Title: Research of Slime Molds, Medium: HD Video, Edition: 1/3 +AP, Time: 6 min. 40 sec., Production year: 2020
All images courtesy of the artist
Shione Yamada, the director of this video work, focused on the dynamic movements of slime molds (myxomycetes) and tried to imitate them using humans. Her attempt contrasted with the simple personification of slime molds. What is the “world” that humans see when tracing slime molds with their bodies? The performers tried to imitate the pulsations of slime molds in various ways to obtain the “umwelt” of slime molds. For example, they used yellow gloves to imitate Fuligo septicaʼs rhythmic transformation from amoeba-like plasmodium to mushroom-like fruiting bodies or danced to show the appearance of the changing colors of Stemonitales. In this work, the sound was also elaborate. In nature, it is impossible for humans to hear the sound produced by slime molds. However, when they move, slime molds vibrate the air, certainly making noise. The performers tried to represent these sounds using human voices while imagining the resonances. The performers used voices in accordance with the movement of the slime molds, and Yamada repeatedly collected and remixed them. A mysterious and fascinating sound was then created.

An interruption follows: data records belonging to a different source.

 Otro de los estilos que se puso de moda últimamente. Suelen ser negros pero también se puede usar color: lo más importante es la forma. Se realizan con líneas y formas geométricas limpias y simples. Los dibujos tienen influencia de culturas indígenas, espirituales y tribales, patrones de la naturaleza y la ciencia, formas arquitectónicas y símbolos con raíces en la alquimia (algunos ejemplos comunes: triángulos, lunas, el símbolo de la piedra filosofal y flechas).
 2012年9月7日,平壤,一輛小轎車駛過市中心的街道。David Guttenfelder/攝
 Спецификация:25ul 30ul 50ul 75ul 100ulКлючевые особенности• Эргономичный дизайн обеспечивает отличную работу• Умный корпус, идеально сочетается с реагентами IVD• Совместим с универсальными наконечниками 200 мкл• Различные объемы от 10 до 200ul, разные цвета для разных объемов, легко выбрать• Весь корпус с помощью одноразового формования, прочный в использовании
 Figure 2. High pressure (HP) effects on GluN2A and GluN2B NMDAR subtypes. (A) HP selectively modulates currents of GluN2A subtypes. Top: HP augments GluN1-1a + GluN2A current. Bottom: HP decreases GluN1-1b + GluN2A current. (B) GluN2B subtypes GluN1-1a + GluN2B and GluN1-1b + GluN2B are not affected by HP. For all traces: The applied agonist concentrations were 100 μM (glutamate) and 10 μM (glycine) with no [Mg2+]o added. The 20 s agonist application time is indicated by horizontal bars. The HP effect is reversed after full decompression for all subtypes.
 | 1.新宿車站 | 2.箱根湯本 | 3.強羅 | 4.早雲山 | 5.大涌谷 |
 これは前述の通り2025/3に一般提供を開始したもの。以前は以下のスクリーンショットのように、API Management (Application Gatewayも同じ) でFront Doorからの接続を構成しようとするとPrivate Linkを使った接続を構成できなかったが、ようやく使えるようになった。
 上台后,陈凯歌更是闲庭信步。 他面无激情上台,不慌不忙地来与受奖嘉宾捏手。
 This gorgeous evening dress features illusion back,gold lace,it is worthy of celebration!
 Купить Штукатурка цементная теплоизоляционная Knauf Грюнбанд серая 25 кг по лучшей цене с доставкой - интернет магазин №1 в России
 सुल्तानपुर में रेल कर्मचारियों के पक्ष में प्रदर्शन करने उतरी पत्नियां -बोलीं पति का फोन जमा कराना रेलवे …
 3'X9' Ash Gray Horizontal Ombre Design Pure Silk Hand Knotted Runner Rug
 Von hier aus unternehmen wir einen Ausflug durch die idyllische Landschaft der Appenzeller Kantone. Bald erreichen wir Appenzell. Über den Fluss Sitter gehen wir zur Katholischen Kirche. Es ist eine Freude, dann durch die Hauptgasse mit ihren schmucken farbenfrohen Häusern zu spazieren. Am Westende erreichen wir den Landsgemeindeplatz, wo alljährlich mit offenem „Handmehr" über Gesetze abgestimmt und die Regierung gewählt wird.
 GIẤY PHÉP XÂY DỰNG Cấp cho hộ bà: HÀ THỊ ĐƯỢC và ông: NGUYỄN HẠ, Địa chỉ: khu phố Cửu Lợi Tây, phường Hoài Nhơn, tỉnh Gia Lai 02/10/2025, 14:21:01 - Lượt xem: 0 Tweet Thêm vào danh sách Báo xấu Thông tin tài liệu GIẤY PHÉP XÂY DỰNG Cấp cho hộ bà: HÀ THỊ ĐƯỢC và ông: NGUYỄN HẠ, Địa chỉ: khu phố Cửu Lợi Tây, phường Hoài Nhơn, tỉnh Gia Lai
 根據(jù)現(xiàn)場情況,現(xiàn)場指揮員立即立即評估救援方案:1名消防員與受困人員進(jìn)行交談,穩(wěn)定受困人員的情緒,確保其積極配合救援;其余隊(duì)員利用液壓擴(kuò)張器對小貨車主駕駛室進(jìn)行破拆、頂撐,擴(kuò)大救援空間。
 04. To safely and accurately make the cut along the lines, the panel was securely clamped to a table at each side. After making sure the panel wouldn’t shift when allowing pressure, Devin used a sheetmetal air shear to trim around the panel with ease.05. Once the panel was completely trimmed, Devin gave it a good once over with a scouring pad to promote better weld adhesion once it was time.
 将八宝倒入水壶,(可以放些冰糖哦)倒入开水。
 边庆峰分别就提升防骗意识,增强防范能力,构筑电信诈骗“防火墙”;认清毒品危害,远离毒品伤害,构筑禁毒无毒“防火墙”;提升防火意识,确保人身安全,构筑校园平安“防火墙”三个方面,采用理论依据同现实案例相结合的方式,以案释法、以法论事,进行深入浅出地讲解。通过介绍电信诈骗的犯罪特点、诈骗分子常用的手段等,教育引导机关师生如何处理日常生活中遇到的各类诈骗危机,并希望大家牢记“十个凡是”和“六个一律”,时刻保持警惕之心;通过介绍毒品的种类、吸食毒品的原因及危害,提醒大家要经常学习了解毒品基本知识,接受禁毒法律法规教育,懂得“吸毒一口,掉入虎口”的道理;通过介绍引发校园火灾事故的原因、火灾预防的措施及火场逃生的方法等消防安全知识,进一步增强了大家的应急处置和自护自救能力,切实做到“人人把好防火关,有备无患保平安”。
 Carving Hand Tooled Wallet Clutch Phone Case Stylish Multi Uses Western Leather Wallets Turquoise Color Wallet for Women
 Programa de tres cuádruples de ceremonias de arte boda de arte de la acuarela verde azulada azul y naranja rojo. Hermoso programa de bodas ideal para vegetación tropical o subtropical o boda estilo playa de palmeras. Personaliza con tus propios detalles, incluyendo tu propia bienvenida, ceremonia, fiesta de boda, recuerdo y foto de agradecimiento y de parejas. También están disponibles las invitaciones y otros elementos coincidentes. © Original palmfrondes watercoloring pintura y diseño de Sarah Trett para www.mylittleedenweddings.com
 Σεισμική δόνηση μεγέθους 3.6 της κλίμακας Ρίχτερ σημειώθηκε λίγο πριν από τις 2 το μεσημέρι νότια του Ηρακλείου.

In this video work, Yamada eliminated descriptive words as much as possible. There is a limit to expressing the vividness of slime molds using descriptive language. She dared to edit without descriptive narration or subtitles in order to bring to the fore the powerful vitality of slime molds that normally spill out of languages. With this video work, Yamada boldly attempted to deeply enter the microscopic world of slime molds and to draw out the “breath of life” as a fundamental impulse shared across species.
In addition, this video work was produced as part of the “Omoriyama Art Project 2020,” which was a joint project of Akita University of Art and Akita Omoriyama Zoo.